In the field of media studies, the optophone has become renowned through its imaginary repurposings by a number of modernist artists. For one thing, the optophone finds brief mention in Finnegan’s Wake. In turn, Marshall McLuhan credited James Joyce’s novel for being a new medium, turning text into sound. In “New Media as Political Forms,” McLuhan says that Joyce’s own “optophone principle” releases us from “the metallic and rectilinear embrace of the printed page.” More familiar within media studies today, Dada artist Raoul Hausmann patented (London 1935), but did not successfully build, an optophone presumably inspired by d’Albe’s model, which he hoped would be employed in audiovisual performances. This optophone was meant to convert sound into light as well as the reverse. It was part of a broader contemporary impulse to produce color music and synaesthetic art. Hausmann also wrote optophonetic poetry, based on the sounds and rhythms of “pure phonemes” and non-linguistic noises. In response, Francis Picabia painted two optophone portraits in 1921 and 22. Optophone I, below, is composed of lines that might be sound waves, with a pattern that disorders vision.
Theorists have repeatedly located Hausmann’s device at the origin of new media. Authors in the Audiovisuology, Media Archaeology, and Beyond Art: A Third Culture anthologies credit Hausmann’s optophone with bringing-into-being cybernetics, digitization, the CD-ROM, audiovisual experiments in video art, and “primitive computers.” It seems to have escaped notice that d’Albe also used the optophone to create electrical music. In his book, The Moon Element, he writes:
d’Albe’s device is typically portrayed as a historical cul-de-sac, with few users and no real technical influence. Yet optophones continued to be designed for blind people throughout the twentieth century; at least one model has users even today. Musical print machines, or “direct translators,” co-existed with more complex OCR-devices—optical character recognizers that converted printed words into synthetic speech. Both types of reading machine contributed to today’s procedures for scanning and document digitization. Arguably, reading optophones intervened more profoundly into the order of print than did Hausmann’s synaesthetic machine: they not only translated between the senses, they introduced a new symbolic system by which to read. Like braille, later vibrating models proposed that the skin could also read.
In December 1922, the Optophone was brought to the United States from the United Kingdom for a demonstration before a number of educators who worked with blind children; only two schools ordered the device. Reading machine development accelerated in the U.S. around World War II. In his position as chair of the National Defense Research Committee, Vannevar Bush established a Committee on Sensory Devices in 1944, largely for the purpose of rehabilitating blind soldiers. The other options for reading—braille and Talking Books—were relatively scarce and had a high cost of production. Reading machines promised to give blind readers access to magazines and ephemeral print (recipes, signs, mail), which was arguably more important than access to books.

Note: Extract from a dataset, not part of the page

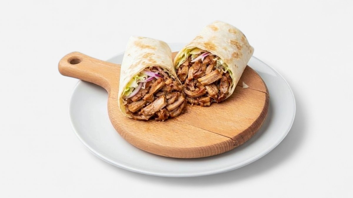 Tortilja, gyros piletina, pomfrit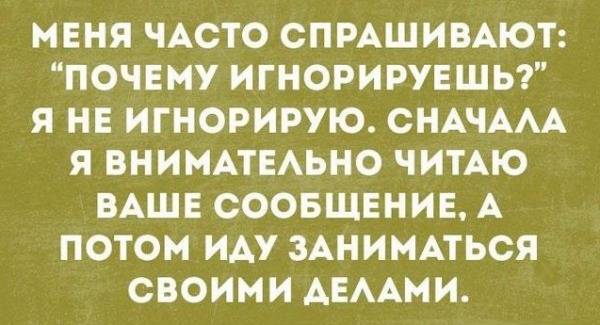 - Люди, почему то решили, что если ты не выкладываешь каждый день новые фотки, значит, твоя жизнь скучна и полна безысходности. А ты проводишь все дни дома, мужчины у тебя нет, цветов не видела с последнего дня рождения, на улицу не выходишь и вообще мёртвая лежишь.

At RCA (Radio Corporation of America), the television innovator Vladimir Zworykin became involved with this project. Zworykin had visited Fournier d’Albe in London in the 19-teens and seen a demonstration of the optophone. Working with Les Flory and Winthrop Pike, Zworykin built an initial machine known as the A-2 that operated on the same principles, but used a different mechanism for scanning—an electric stylus, which was publicized as “the first pen that reads.” Following the trail of citations for RCA’s “Reading Aid for the Blind” patent (US 2420716A, filed 1944), it is clear that the “pen” became an aid in domains far afield from blindness. It was repurposed as an optical probe for measuring the oxygen content of blood (1958); an “optical system for facsimile scanners” (1972); and, in a patent awarded to Burroughs Corporation in 1964, a light gun. This gun, in turn, found its way into the handheld controls for the first home video game system, produced by Sanders Associates.

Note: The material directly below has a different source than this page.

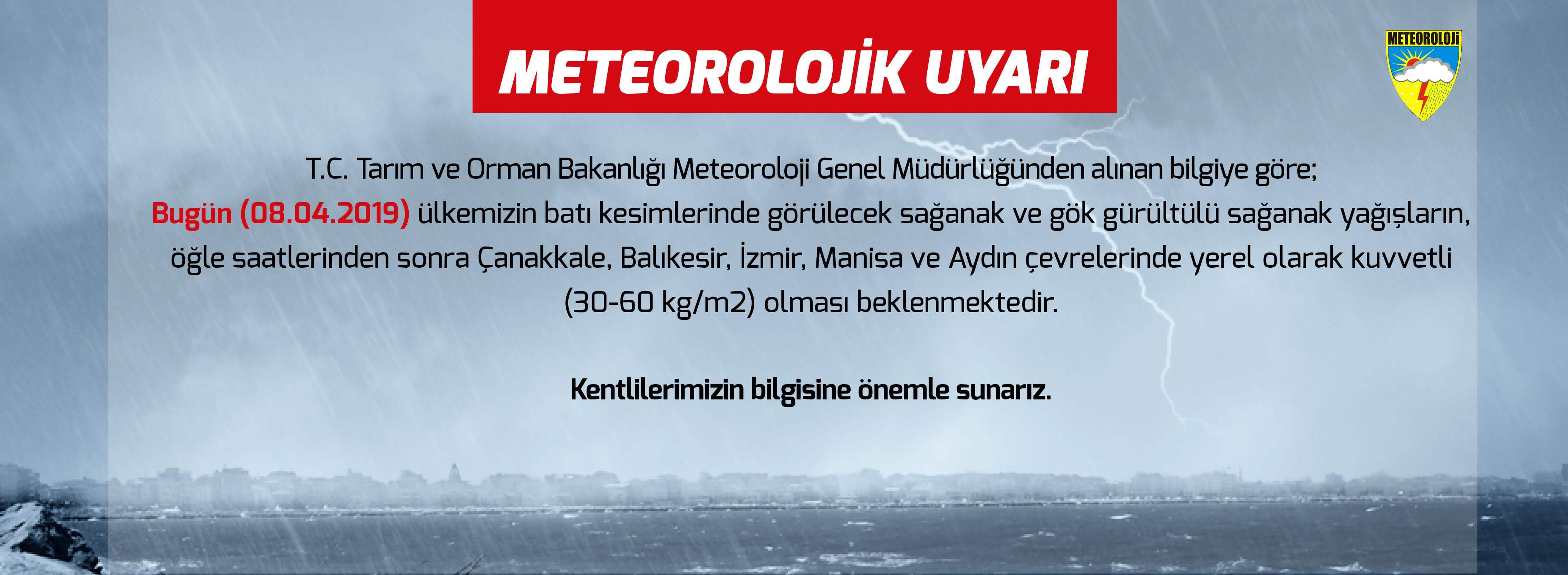 Bugün ülkemizin batı kesimlerinde görülecek sağanak ve gök gürültülü sağanak yağışların, öğle saatlerinden sonra Çanakkale, Balıkesir, İzmir, Manisa ve Aydın çevrelerinde yerel olarak kuvvetli (30-60 kg/m2) olması beklendiğinden meydana gelebilecek ani sel, su baskını, yıldırım, yerel dolu yağışı, yağış anında kuvvetli rüzgar gibi olumsuzluklara karşı dikkatli ve tedbirli olunması gerekmektedir.

The A-2 optophone was tested on three blind research subjects, including ham radio enthusiast Joe Piechowski, who was more of a technical collaborator. According to the reports RCA submitted to the CSD, these readers were able to correlate the “chirping” or “tweeting” sounds of the machine with letters “at random with about eighty percent accuracy” after 60 hours of practice. Close spacing on a printed page made it difficult to differentiate between letters; readers also had difficulty moving the stylus at a steady pace and in a straight line. Piechowski achieved reading speeds of 20 words per minute, which RCA deemed too slow.

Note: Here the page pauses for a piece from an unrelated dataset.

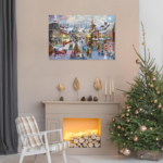 Immerse yourself in the hustle and bustle of a classic holiday season. “The Festive Village Square” is a panoramic celebration of community and Christmas spirit, capturing a charming town at the height of its festivities. From the horse-drawn sleigh gliding over the snow to the carolers gathering by the tree, this artwork is a tapestry of joyful moments that evokes the nostalgia of a traditional winter.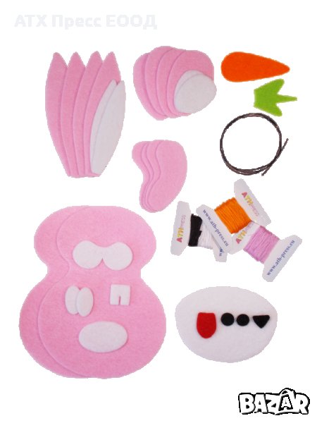 Зайче-розово-комплект за шиене от филц → Обява 23433792

Attempts were made to incorporate “human factors” and create a more efficient tonal code, to reduce reading time as well as learning time and confusion between letters. One alternate auditory display was known as the compressed optophone. Rather than generate multiple tones or chords for a single printed letter, which was highly redundant and confusing to the ear, the compressed version identified only certain features of a printed letter: such as the presence of an ascender or descender. Below is a comparison between the tones of the original optophone and the compressed version, recorded by physicist Patrick Nye in 1965. The following eight lower case letters make up the source material: f, i, k, j, p, q, r, z.
Original record in the author’s possession. With thanks to Elaine Nye, who generously tracked down two of her personal copies at the author’s request. The second copy is now held at Haskins Laboratories.
Because of the seeming limitations of tonal reading, RCA engineers re-directed their research to add character recognition to the scanning process. This was controversial, direct translators like the optophone being perceived as too difficult because they required blind people to do something akin to learning to read print—learning a symbolic tonal or tactile code. At an earlier moment, braille had been critiqued on similar grounds; many in the blind community have argued that mainstream anxieties about braille sprang from its symbolic difference. Speed, moreover, is relative. Reading machine users protested that direct translators like the optophone were inexpensive to build and already available—why wait for the refinement of OCR and synthetic speech? Nevertheless, between November 1946 and May 1947, Zworykin, Flory, and Pike worked on a prototype “letter reading machine,” today widely considered to be the first successful example of optical character recognition (OCR). Before reliable synthetic speech, this device spelled out words letter by letter using tape recordings. The Letter-Reader was too massive and expensive for personal use, however. It also had an operating speed of 20 words per minute—thus it was hardly an improvement over the A-2 translator.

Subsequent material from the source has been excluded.